Yes. Totally yes. Polling is dumb:

* Goes against low power goals.
* The data is not polled with a clock that is synchronized with the sensor clock (if the sensor has an ADC), meaning unpredictable jitter.

- Should a driver always return normalized/converted data, or rather
return the raw data and the application needs to convert them? The
conversion is sometimes quite complex. I saw both approaches of them for
similar sensors.


RAW data.

* Conversion usually results in loss of precision, especially if one limits the word length to something like 16 bits (see answer below). * Doing conversion "right" (in an unbiased way) is non trivial. You cannot just go around truncating digits. * Is is beyond the scope of the driver, which should handle device communication/configurations only.
* If the converted value is not needed, the conversion cannot be undone.
* In SAUL, conversion to and from the base-10 floating point format used is really painful.

I think the measurement should be raw, and there should be a way to query the conversion constant. This way the user can choose, and there are not unnecessary computations done.

In control applications, for example, the conversion is totally not necessary, as the conversion constants can be folded into the control system constants.

The design rules that are clear to me are:

- Drivers have to provide an interface for polling with init and read
that is compatible with SAUL.


Yes. It makes all interfaces consistent. That being said, it is sad that there is no unified way for configuring and for interrupt driven measurements.

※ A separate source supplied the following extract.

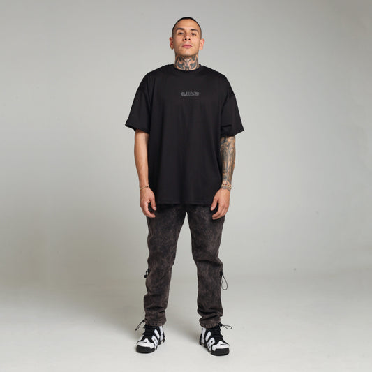 Camiseta Oversize Hombre Alto Gramaje 250G Negra Rubber

- Output are always 16 bit integers.


I think it is a bad idea to limit output to 16 bits. ADCs meant for scales, for example, usually have 24 bit [1]. Other applications also demand higher that 16 bits. Keep in mind that 16 bits is equivalent to 4,8 decimal digits, take 1 bit for the sign and you are left with 4,5.

[1] http://www.analog.com/en/products/ad7799.html

What else?


Maybe off topic, but I think we need a IO layer (think SAUL, but more complete) so that the user does not have to directly interact with drivers. I would answer many of your questions, as in that case there would be a well defined interface that device drivers would have to expose. It is an OS, after all.

Regards,

Juan I Carrano.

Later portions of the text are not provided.